So with $n=4$ and 3 elements in the original set, there are 13 possibilities.
General solution? Is there a closed form formula to compute this number?
Same problem, expressed in a network formulation: In a network with 3 rows ($\{A, B, C\}$) and $n=4$ columns, assuming paths from left to right (e.g., using node $A_1$, then $B_2$, then $A_3$ and finally $C_3$), the question becomes: how many paths are going through node $A_2$ and have a (relative) majority of $A$ nodes?
Same problem, expressed in a voting context: Calculate winning outcomes of plurality voting
 A: Let $|X|=m$ (the number of candidates) and $n$ be the number of voters.  For the first question, by the basic theory of exponential generating functions, the number of ways for candidate $A$ to get a plurality of votes is the coefficient of $\frac{x^n}{n!}$ in the sum
$$\sum_{k\ge0} \frac{x^k}{k!}\left(1+x+\frac{x^2}{2!}+\cdots+\frac{x^{k-1}}{(k-1)!}\right)^{m-1}.$$
To see this, sum over all possible numbers $k$ of votes that $A$ gets; the other $m-1$ candidates can get up to $k-1$ votes each.  (Some terms in this sum are zero, but that's OK.)
For the second question, if you fix one of the votes, there are two possibilities, depending on whether you're fixing a vote for $A$ or for another candidate.  In the former case, the answer will be
$$\left[\frac{x^{n-1}}{(n-1)!}\right]
\sum_{k\ge0} \frac{x^{k-1}}{(k-1)!}\left(1+x+\frac{x^2}{2!}+\cdots+\frac{x^{k-1}}{(k-1)!}\right)^{m-1}
$$

(the notation $[z^n]f(z)$ denote the operation of extracting the coefficient of $z^n$ in the formal power series $f(z)=\sum f_n z^n$ in analytical combinatorics.
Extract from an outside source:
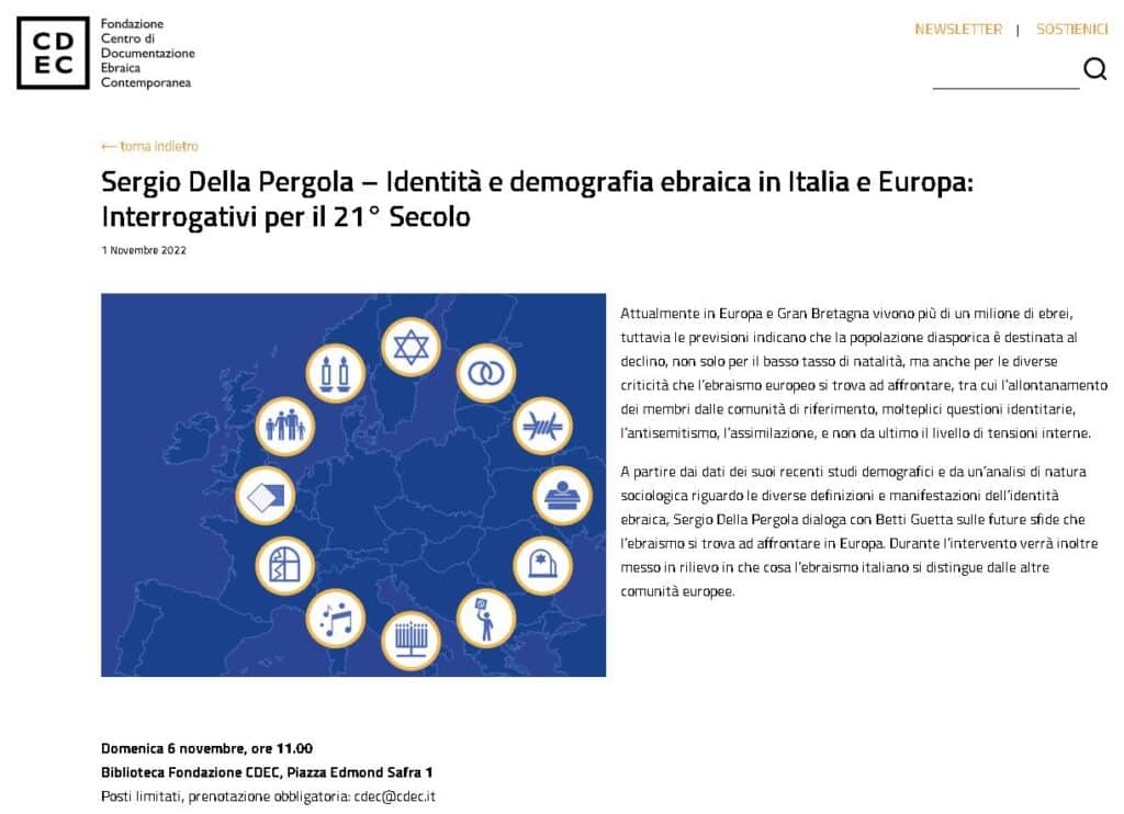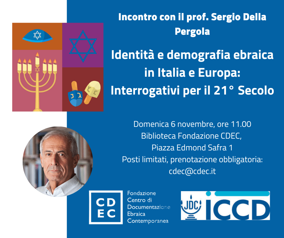 Milano, domenica 6 novembre, ore 11.00, biblioteca Fondazione CDEC, Piazza Edmond Safra 1, conferenza con Sergio Della Pergola e Betti Guetta

See Philippe Flajolet and Robert Sedgewick, Analytic Combinatorics, Cambridge University Press (2009), p.19))
(the coefficient $A_n$ in an exponential generating function is recovered by $A_n=n!\cdot [z^n]A(z)$, since $[z^n]A(z) = A_n/n!$ (ibid., p.98))

since we now have to place $k-1$ votes for $A$.  (This gives the same $13$ as in your example.)  Similarly, if you're fixing a vote for one of the other candidates, the expression becomes
$$\left[\frac{x^{n-1}}{(n-1)!}\right]
\sum_{k\ge0} \frac{x^{k}}{k!}\left(1+x+\frac{x^2}{2!}+\cdots+\frac{x^{k-1}}{(k-1)!}\right)^{m-2}\left(1+x+\frac{x^2}{2!}+\cdots+\frac{x^{k-2}}{(k-2)!}\right).
$$
A: *

*If $k>n/2$: 


For non-fixed elements of the majority ($k-1$), there are $\binom{n-1}{k-1}$ possibilities (it works in the simple example with $k=4$: $\binom{3}{3}=1$; and $k=3$: $\binom{3}{2}=3$).
The number of "free" positions (for other elements than the majority) is $n-k$. For each position, there are $|X|-1$ possibilities (all elements in $X$ but the majority one). So, $(|X|-1)^{n-k}$ possibilities.
In total: $(|X|-1)^{n-k} \cdot \binom{n-1}{k-1}$ possibilities


*

*If $k<n/2$: 


Same reasoning for the positioning of "majority" elements: $\binom{n-1}{k-1}$ possibilities.
The number of free positions for other elements is also $n-k$. But no element in these combinations must appear more than $k$ times. One way of computing this is to (1) count all possibilities: $(|X|-1)^{n-k}$ and (2) remove all possibilities with $k, k+1, k+2, ..., n-k$ of one element, for each element.
Step (2) as a subquestion here: Number of elements in cartesian power with a maximum constraint


*

*Step (2) for one given other element


*

*For one specific other element, with $k$ of this element: we fix $k$ times the other element: $n-k$ free spaces, $k$ elements, $\binom{n-k}{k}$ possibilities. For each possibility, we put the others (no majority, no other one): $n-k-k$ free spaces, $|X|-2$ elements, $(|X|-2)^{n-k-k}$ possibilities.
In total: $(|X|-2)^{n-k-k}\cdot \binom{n-k}{k}$ possibilities for a given other element with $k$ appearances.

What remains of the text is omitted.